[Stored data]
____

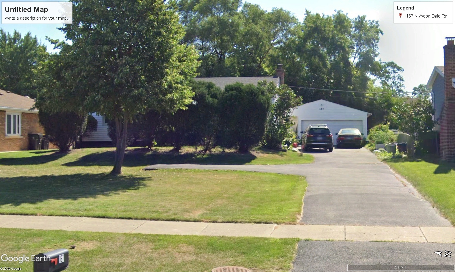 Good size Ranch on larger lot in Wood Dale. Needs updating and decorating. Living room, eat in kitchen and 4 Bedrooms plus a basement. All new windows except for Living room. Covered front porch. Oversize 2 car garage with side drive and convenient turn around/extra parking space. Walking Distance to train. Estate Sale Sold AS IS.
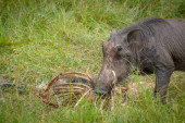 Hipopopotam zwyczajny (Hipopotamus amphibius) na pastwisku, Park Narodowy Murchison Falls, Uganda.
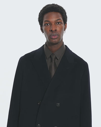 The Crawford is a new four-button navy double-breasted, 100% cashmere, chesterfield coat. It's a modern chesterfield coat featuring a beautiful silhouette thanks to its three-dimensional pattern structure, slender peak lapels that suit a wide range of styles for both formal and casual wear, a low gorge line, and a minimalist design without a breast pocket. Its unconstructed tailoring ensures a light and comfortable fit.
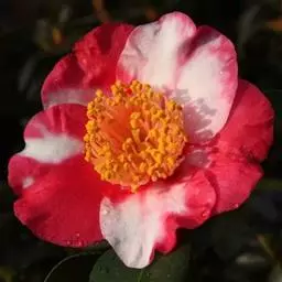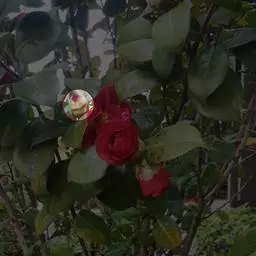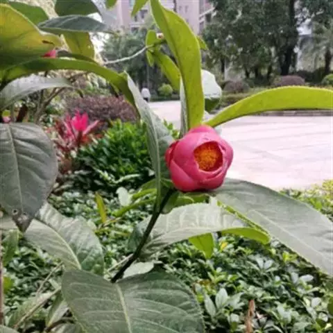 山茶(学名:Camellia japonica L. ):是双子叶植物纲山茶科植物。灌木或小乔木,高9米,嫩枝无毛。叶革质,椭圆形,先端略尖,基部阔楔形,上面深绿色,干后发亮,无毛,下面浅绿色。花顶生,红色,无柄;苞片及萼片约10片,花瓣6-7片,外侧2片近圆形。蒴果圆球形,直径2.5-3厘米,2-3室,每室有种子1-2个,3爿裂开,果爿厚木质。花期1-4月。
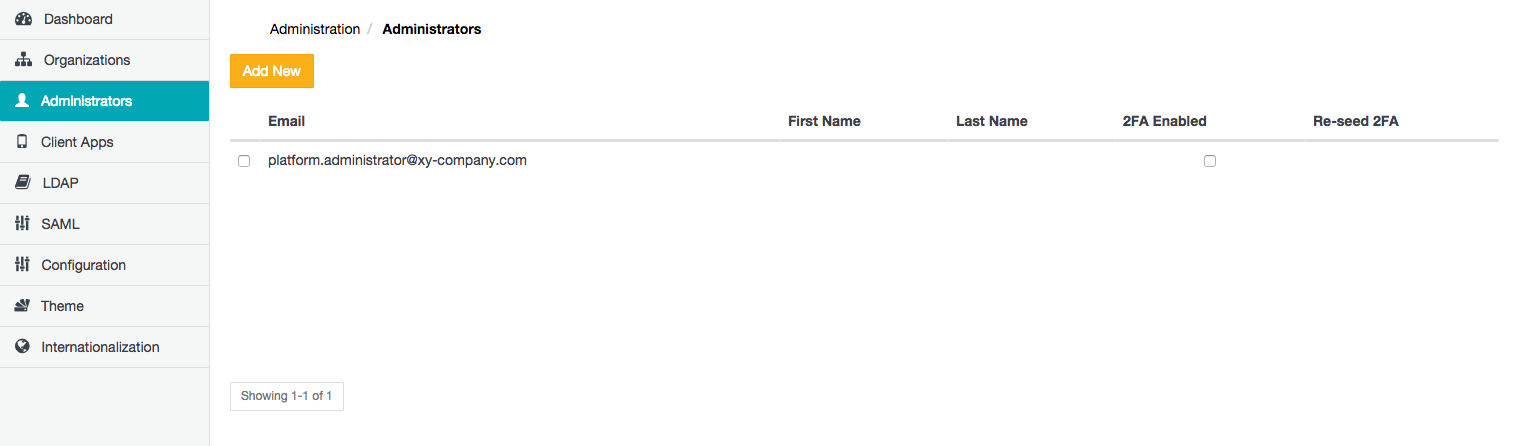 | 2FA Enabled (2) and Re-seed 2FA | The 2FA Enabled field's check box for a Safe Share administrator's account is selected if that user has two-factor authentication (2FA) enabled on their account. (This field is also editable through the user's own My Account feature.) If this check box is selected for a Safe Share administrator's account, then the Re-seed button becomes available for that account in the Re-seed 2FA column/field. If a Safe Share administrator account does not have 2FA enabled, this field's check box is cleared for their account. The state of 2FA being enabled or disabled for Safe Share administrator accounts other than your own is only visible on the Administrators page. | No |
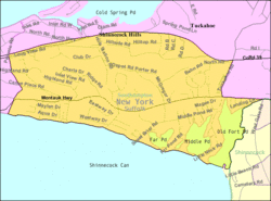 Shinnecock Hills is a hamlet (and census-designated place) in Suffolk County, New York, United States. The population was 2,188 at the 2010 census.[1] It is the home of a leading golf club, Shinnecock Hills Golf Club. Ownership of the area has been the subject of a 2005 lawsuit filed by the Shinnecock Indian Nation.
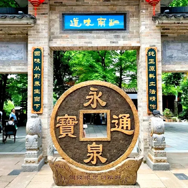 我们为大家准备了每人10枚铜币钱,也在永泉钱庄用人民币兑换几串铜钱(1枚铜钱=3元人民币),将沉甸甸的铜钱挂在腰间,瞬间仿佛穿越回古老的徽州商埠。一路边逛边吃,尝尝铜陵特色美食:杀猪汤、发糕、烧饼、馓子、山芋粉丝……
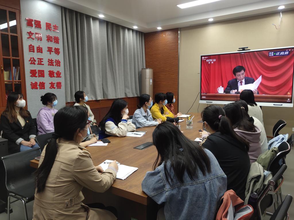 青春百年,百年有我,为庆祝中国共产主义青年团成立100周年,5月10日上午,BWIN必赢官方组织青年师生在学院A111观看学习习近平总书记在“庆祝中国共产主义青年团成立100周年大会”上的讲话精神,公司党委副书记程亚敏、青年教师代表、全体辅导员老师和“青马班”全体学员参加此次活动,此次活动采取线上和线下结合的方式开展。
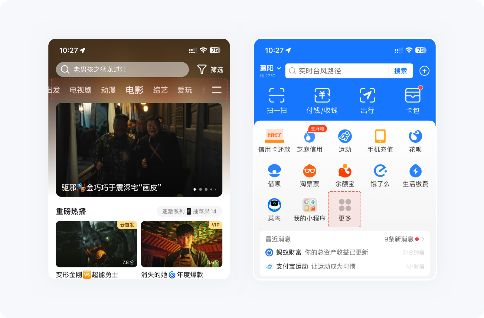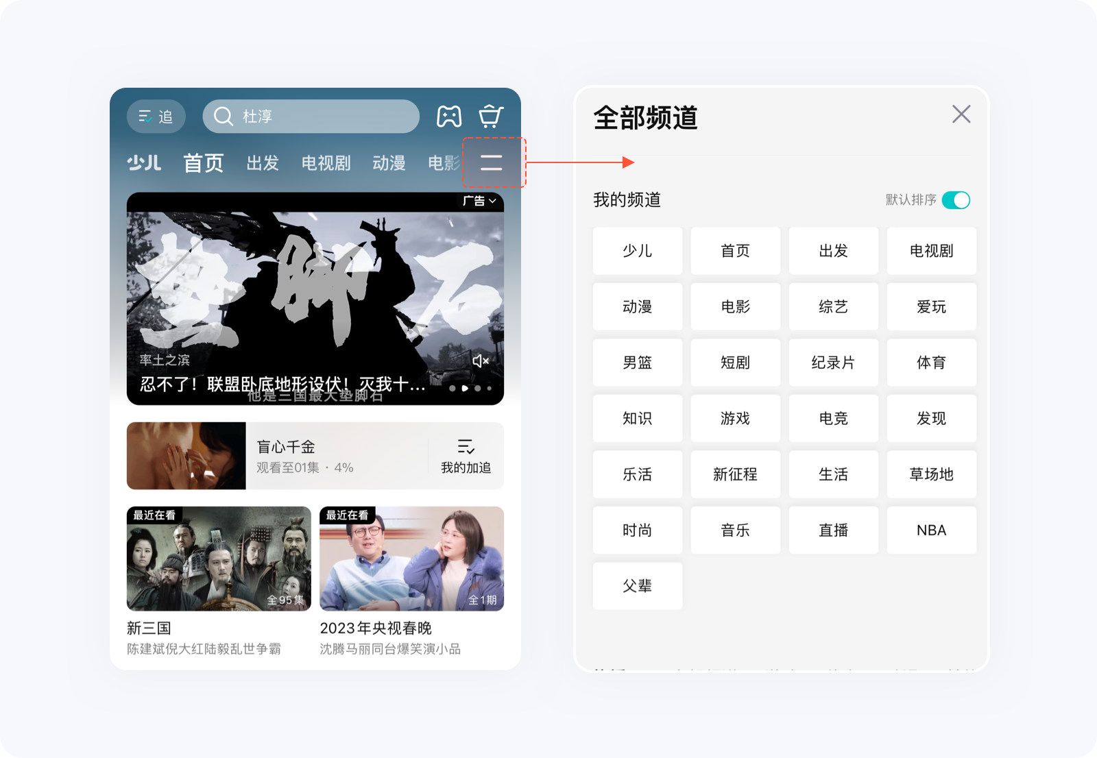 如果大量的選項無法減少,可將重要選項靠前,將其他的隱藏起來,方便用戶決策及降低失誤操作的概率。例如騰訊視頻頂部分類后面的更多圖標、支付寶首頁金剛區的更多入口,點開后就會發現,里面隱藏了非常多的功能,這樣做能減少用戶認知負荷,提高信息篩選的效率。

____

= WHAT TO PRODUCE =
Make an exact copy of only those lines that run from the line with "Shinnecock Hills is" through the end of the records, excluding pictures.

= TASK RESULT =
 Shinnecock Hills is a hamlet (and census-designated place) in Suffolk County, New York, United States. The population was 2,188 at the 2010 census.[1] It is the home of a leading golf club, Shinnecock Hills Golf Club. Ownership of the area has been the subject of a 2005 lawsuit filed by the Shinnecock Indian Nation.
 我们为大家准备了每人10枚铜币钱,也在永泉钱庄用人民币兑换几串铜钱(1枚铜钱=3元人民币),将沉甸甸的铜钱挂在腰间,瞬间仿佛穿越回古老的徽州商埠。一路边逛边吃,尝尝铜陵特色美食:杀猪汤、发糕、烧饼、馓子、山芋粉丝……
 青春百年,百年有我,为庆祝中国共产主义青年团成立100周年,5月10日上午,BWIN必赢官方组织青年师生在学院A111观看学习习近平总书记在“庆祝中国共产主义青年团成立100周年大会”上的讲话精神,公司党委副书记程亚敏、青年教师代表、全体辅导员老师和“青马班”全体学员参加此次活动,此次活动采取线上和线下结合的方式开展。
 如果大量的選項無法減少,可將重要選項靠前,將其他的隱藏起來,方便用戶決策及降低失誤操作的概率。例如騰訊視頻頂部分類后面的更多圖標、支付寶首頁金剛區的更多入口,點開后就會發現,里面隱藏了非常多的功能,這樣做能減少用戶認知負荷,提高信息篩選的效率。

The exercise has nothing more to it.